EXERCISE DIRECTIONS: Leave out any picture and return the remaining listing below exactly as given.
DATA SECTION Block Start
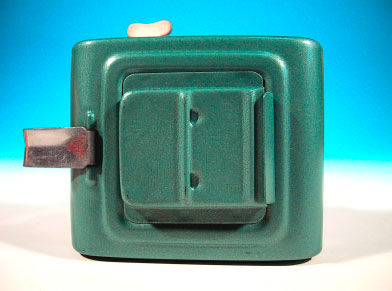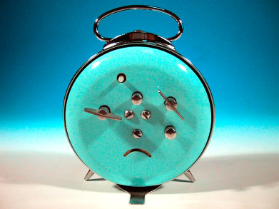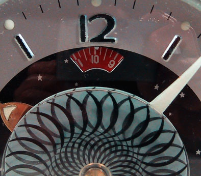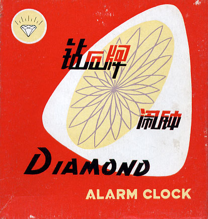 中国・上海製のダイアモンド牌アラームクロック。日本でも中国雑貨専門店が かなりの数仕入れていた商品である。同ブランドのデザインは多岐に渡り、これ 以外でも多くのバリエーションが製造されていた。さすがに最近は、このような ゼンマイ仕掛けの時計は少なくなってきている。 この時計、何と言っても配色とデザインが秀逸。純メカニカルであるという構 造も今となってはレトロで珍しいが、寝ぼけた水色の本体と、文字盤中央のなに やらワケの判らないデザインが怪しさと野暮ったさを演出している。中央に配置 された円板は2枚構成になっていて、秒針のように常時回転している。2枚のう ち回転するのは上の1枚のみで、下の板は固定されている。写真でも判るように 円板には妙な模様が書かれており、動作中はワサワサとこの模様が動くという、 実にイミプ〜な仕掛けとなっている。箱のデザインも昔っぽくてグッド!逆に今 でも十分通用すると思うのだが。
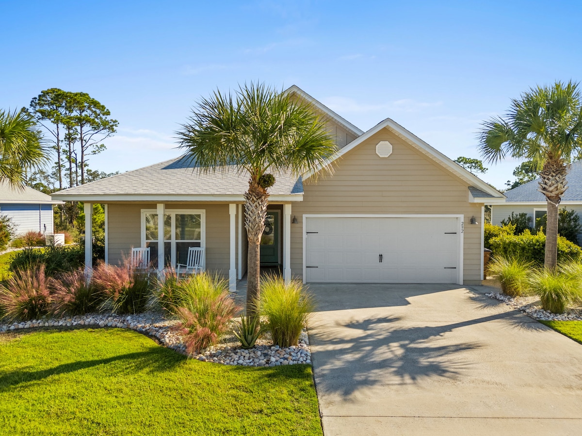 Welcome to "Gone Coastal" Enjoy all that Windmark Beach has to offer with a relaxing stay in this newer home is a 4 bedroom, 2 bath home that is one of the closest homes to the town center and main pool. It is 2 blocks from the beach, a easy 5 min walk or short bike ride to the beautiful white sand of the Gulf coast. This home features all the amenities such as bikes (including two ELECTRIC bikes), 2 paddle boards, and a 6-seater golf cart all included!
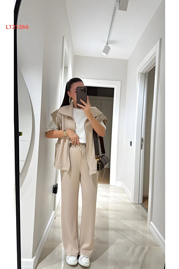 طقم بنطلون وست فخمة للسيدات بخصر مرن وسحاب من تي إل جي GİYİM
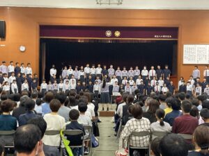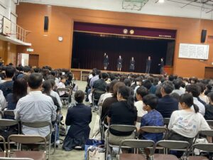 全体会は第一体育館にて実施しました。初めに中学1年生による合唱が行われ、来場者の方々に堂々と歌い上げる姿をご覧いただきました。
DATA SECTION Block End
EXERCISE RESULT:
 中国・上海製のダイアモンド牌アラームクロック。日本でも中国雑貨専門店が かなりの数仕入れていた商品である。同ブランドのデザインは多岐に渡り、これ 以外でも多くのバリエーションが製造されていた。さすがに最近は、このような ゼンマイ仕掛けの時計は少なくなってきている。 この時計、何と言っても配色とデザインが秀逸。純メカニカルであるという構 造も今となってはレトロで珍しいが、寝ぼけた水色の本体と、文字盤中央のなに やらワケの判らないデザインが怪しさと野暮ったさを演出している。中央に配置 された円板は2枚構成になっていて、秒針のように常時回転している。2枚のう ち回転するのは上の1枚のみで、下の板は固定されている。写真でも判るように 円板には妙な模様が書かれており、動作中はワサワサとこの模様が動くという、 実にイミプ〜な仕掛けとなっている。箱のデザインも昔っぽくてグッド!逆に今 でも十分通用すると思うのだが。
 Welcome to "Gone Coastal" Enjoy all that Windmark Beach has to offer with a relaxing stay in this newer home is a 4 bedroom, 2 bath home that is one of the closest homes to the town center and main pool. It is 2 blocks from the beach, a easy 5 min walk or short bike ride to the beautiful white sand of the Gulf coast. This home features all the amenities such as bikes (including two ELECTRIC bikes), 2 paddle boards, and a 6-seater golf cart all included!
 طقم بنطلون وست فخمة للسيدات بخصر مرن وسحاب من تي إل جي GİYİM
 全体会は第一体育館にて実施しました。初めに中学1年生による合唱が行われ、来場者の方々に堂々と歌い上げる姿をご覧いただきました。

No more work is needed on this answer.